Pictures stay out of the copy. Repeat exactly the lines from the first entry below through the line that contains "Cho 10ml dầu", and nothing beyond.

* [Saved data entries]:
_____

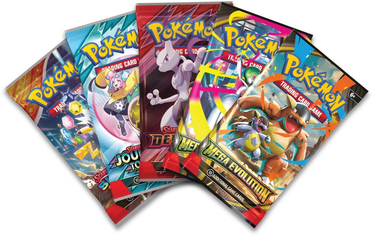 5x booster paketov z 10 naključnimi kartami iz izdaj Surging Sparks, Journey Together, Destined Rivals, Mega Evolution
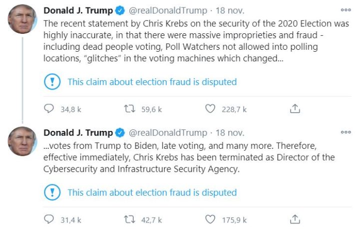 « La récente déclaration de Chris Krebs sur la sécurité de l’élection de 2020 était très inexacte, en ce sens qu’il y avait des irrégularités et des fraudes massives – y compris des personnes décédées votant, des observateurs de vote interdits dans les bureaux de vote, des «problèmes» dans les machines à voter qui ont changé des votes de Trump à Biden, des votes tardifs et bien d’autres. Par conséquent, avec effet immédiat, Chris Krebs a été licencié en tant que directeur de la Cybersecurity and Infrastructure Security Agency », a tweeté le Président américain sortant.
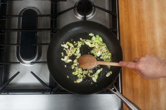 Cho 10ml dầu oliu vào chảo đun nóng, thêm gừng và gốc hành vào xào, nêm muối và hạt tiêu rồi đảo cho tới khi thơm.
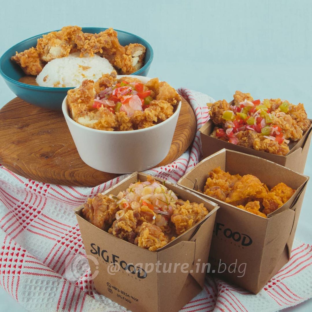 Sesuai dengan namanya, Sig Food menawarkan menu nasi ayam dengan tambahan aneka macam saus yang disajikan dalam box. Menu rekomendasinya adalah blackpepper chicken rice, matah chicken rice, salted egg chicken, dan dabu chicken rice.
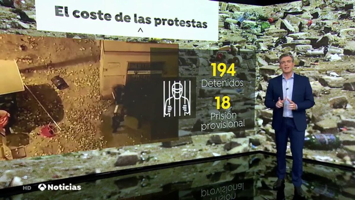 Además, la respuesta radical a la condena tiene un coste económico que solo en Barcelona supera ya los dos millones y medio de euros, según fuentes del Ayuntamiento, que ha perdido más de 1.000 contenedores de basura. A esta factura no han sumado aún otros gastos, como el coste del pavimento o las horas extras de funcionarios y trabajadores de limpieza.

_____

* [Final answer]:
 5x booster paketov z 10 naključnimi kartami iz izdaj Surging Sparks, Journey Together, Destined Rivals, Mega Evolution
 « La récente déclaration de Chris Krebs sur la sécurité de l’élection de 2020 était très inexacte, en ce sens qu’il y avait des irrégularités et des fraudes massives – y compris des personnes décédées votant, des observateurs de vote interdits dans les bureaux de vote, des «problèmes» dans les machines à voter qui ont changé des votes de Trump à Biden, des votes tardifs et bien d’autres. Par conséquent, avec effet immédiat, Chris Krebs a été licencié en tant que directeur de la Cybersecurity and Infrastructure Security Agency », a tweeté le Président américain sortant.
 Cho 10ml dầu oliu vào chảo đun nóng, thêm gừng và gốc hành vào xào, nêm muối và hạt tiêu rồi đảo cho tới khi thơm.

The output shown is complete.